BEGIN

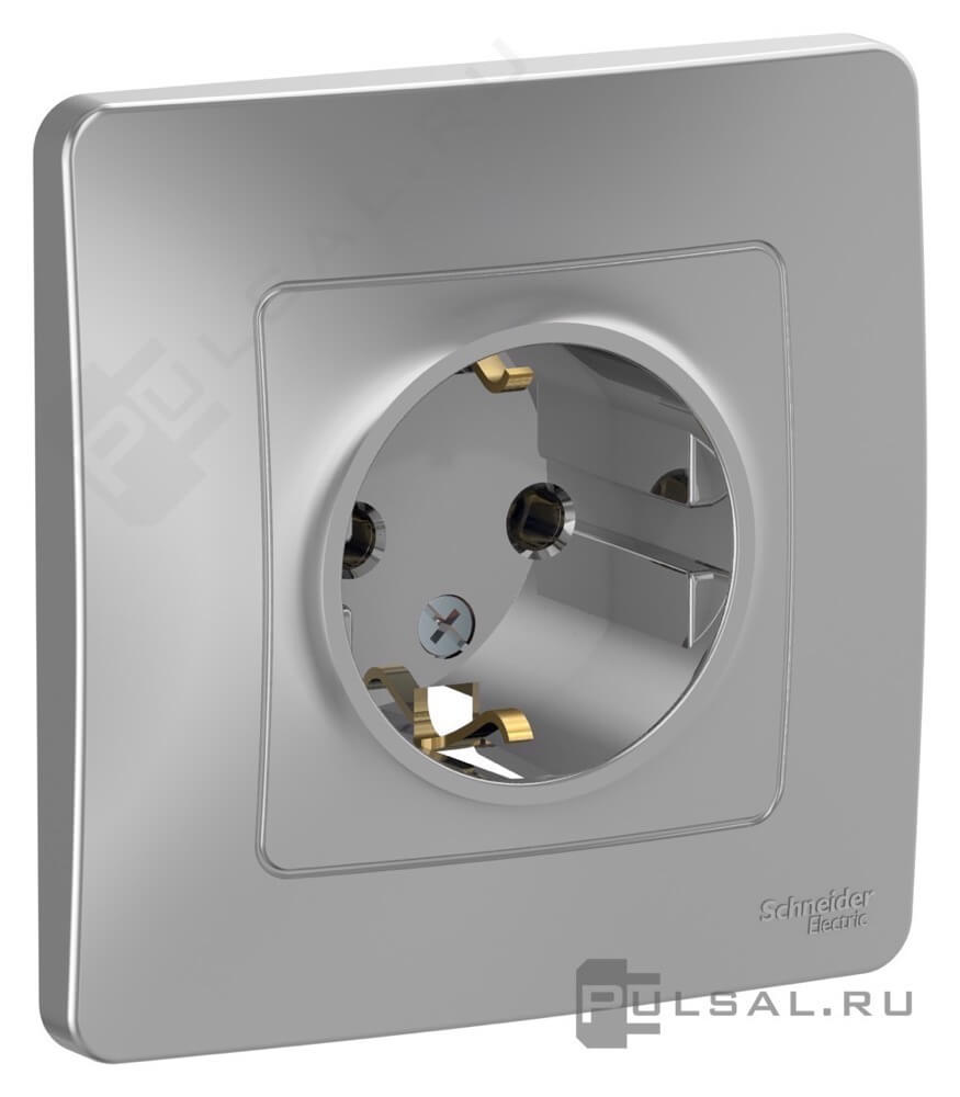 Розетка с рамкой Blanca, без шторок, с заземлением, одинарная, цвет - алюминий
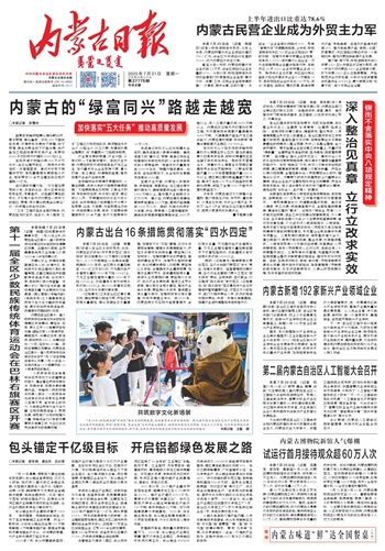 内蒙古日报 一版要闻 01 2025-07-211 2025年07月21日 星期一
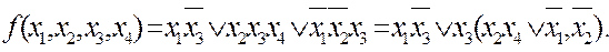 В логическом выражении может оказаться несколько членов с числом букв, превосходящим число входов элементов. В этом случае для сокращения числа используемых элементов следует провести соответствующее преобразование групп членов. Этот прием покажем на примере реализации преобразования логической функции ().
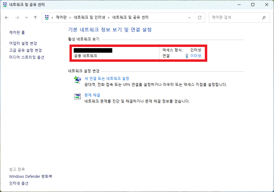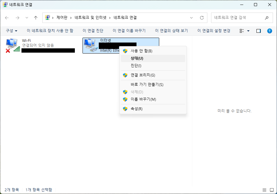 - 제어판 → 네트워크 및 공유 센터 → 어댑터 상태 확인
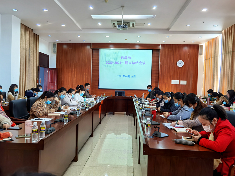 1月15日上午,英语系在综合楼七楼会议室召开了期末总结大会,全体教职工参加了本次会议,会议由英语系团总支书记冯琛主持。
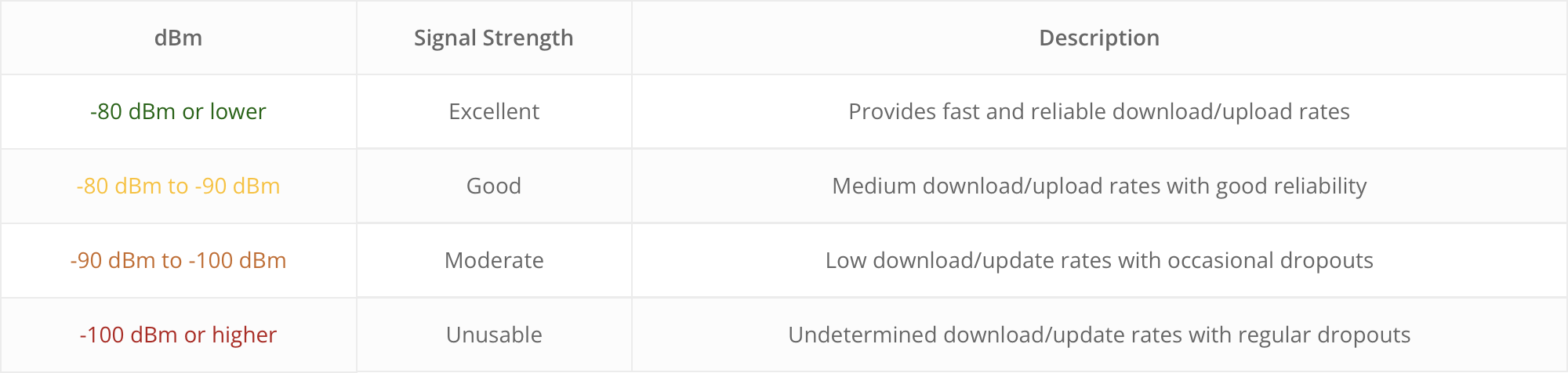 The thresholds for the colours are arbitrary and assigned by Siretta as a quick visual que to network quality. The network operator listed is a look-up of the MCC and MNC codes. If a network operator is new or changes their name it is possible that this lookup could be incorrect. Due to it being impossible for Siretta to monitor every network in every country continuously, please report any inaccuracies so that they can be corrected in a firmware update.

END

[WHAT THIS TASK INVOLVES] All the lines above should be reproduced exactly, and none of the pictures.

[TASK OUTPUT]
 Розетка с рамкой Blanca, без шторок, с заземлением, одинарная, цвет - алюминий
 内蒙古日报 一版要闻 01 2025-07-211 2025年07月21日 星期一
 В логическом выражении может оказаться несколько членов с числом букв, превосходящим число входов элементов. В этом случае для сокращения числа используемых элементов следует провести соответствующее преобразование групп членов. Этот прием покажем на примере реализации преобразования логической функции ().
 - 제어판 → 네트워크 및 공유 센터 → 어댑터 상태 확인
 1月15日上午,英语系在综合楼七楼会议室召开了期末总结大会,全体教职工参加了本次会议,会议由英语系团总支书记冯琛主持。
 The thresholds for the colours are arbitrary and assigned by Siretta as a quick visual que to network quality. The network operator listed is a look-up of the MCC and MNC codes. If a network operator is new or changes their name it is possible that this lookup could be incorrect. Due to it being impossible for Siretta to monitor every network in every country continuously, please report any inaccuracies so that they can be corrected in a firmware update.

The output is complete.